Segundo o Instituto de Pesquisa Econômica e Aplicada – Ipea, o setor respondia por 5% dos empregos formais no território brasileiro em 2004. O Mercosul Cultural informa que, em 2004, o impacto no PIB era de 5%. Pesquisa da Fundação João Pinheiro demonstra que, de 1985 a 1994, as atividades culturais respondiam por 160 novos postos de trabalho por cada R$ 1 milhão investidos, superando o turismo, a construção civil e os demais setores.
A cultura também é estratégica por apresentar externalidades positivas. Seus impactos indiretos podem ser observados na economia, na política, na segurança pública, na saúde, na educação, no turismo, na pesquisa científica e tecnológica, no desempenho profissional, enfim, em todas as dimensões da vida e das relações humanas. Há, ainda, setores industriais que claramente dependem da oferta de conteúdos culturais, como o de eletro-eletrônicos.
Outro setor a sinalizar que a cultura está passando a ocupar posição de centralidade na dinâmica sócio-econômica brasileira é o da formação de gestores culturais. Proliferam-se cursos livres e universitários de graduação e pós-graduação voltados à cultura. Desde cursos instrumentalizadores para operadores da cultura aprenderem a lidar com a burocracia das leis de incentivo até a criação de cátedra universitária para formar doutores em Direito da Cultura, universidades como a USP, a Universidade de Fortaleza, a Fundação Getúlio Vargas, por exemplo, já oferecem cursos de pós-graduação, e instituições como o SEBRAE, o Instituto Pensarte, o Manufatura Cultural, entre outros, oferecem cursos livres. Outro indicativo desta tendência foi verificado durante o III Encontro de Estudos Multidisciplinares em Cultura, realizado entre os dias 23 e 25 de maio, em Salvador (leia mais aqui), que mostrou como alguns setores da academia estão buscando a inter-relação entre as diversas áreas de estudos procurando pesquisar, identificar e oferecer soluções para problemáticas reais contemporâneas a partir do campo de estudos da cultura.
O último aspecto a ser mencionado, e provavelmente o mais relevante, é que os bens e serviços culturais se encontram no epicentro da chamada “economia das idéias”, ou “economia do conhecimento”, e integram, deste modo, um dos segmentos mais dinâmicos e atrativos da economia contemporânea.

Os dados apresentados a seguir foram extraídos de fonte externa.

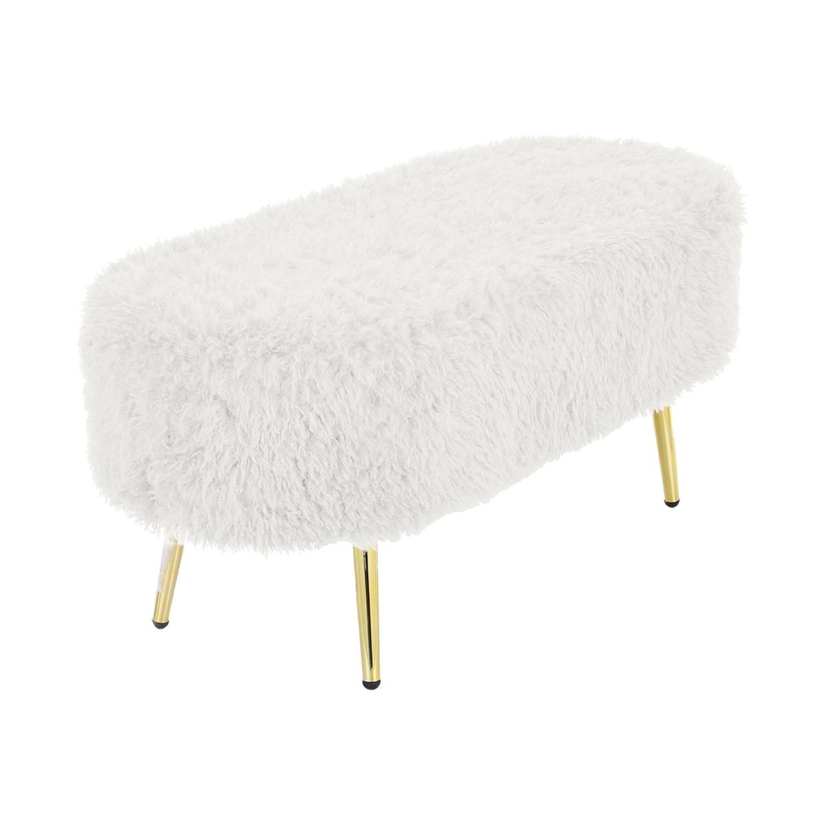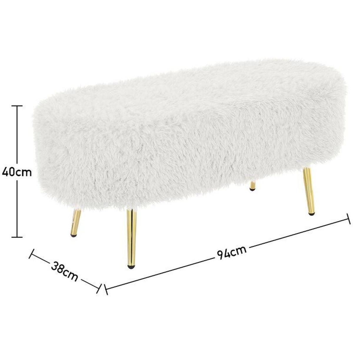 Modern Fluffy Bench Pouffe Stool - White

Nesta nova fase, o que está no centro das disputas são idéias, conceitos e valores, geradores de direitos de propriedade intelectual (marcas, patentes, direitos autorais), e não produtos tangíveis e bens de produção.
Diferentemente da economia calcada em objetos concretos, a “economia das idéias” alimenta-se da criatividade humana e da sua transformação em bens e serviços em constante recriação. Em síntese, as atividades do campo cultural são cruciais do ponto de vista econômico e social porque formam um setor em expansão, que gera renda, emprego e bem-estar, e coloca-se como estratégico para a “economia das idéias” e as possibilidades de desenvolvimento dela decorrentes.
Os debates acerca dessa indústria criativa em expansão não podem, no entanto, perder de vista a crítica sobre as mesmas práticas da malfadada indústria cultural. Os sentidos das palavras e os nomes do processo podem mudar, mas as práticas predatórias, hegemônicas e excludentes podem continuar as mesmas. O fenômeno existe, deve ser questionado e, principalmente, precisa de políticas públicas que regulem essa economia para garantir o direito de expressão cultural de todos.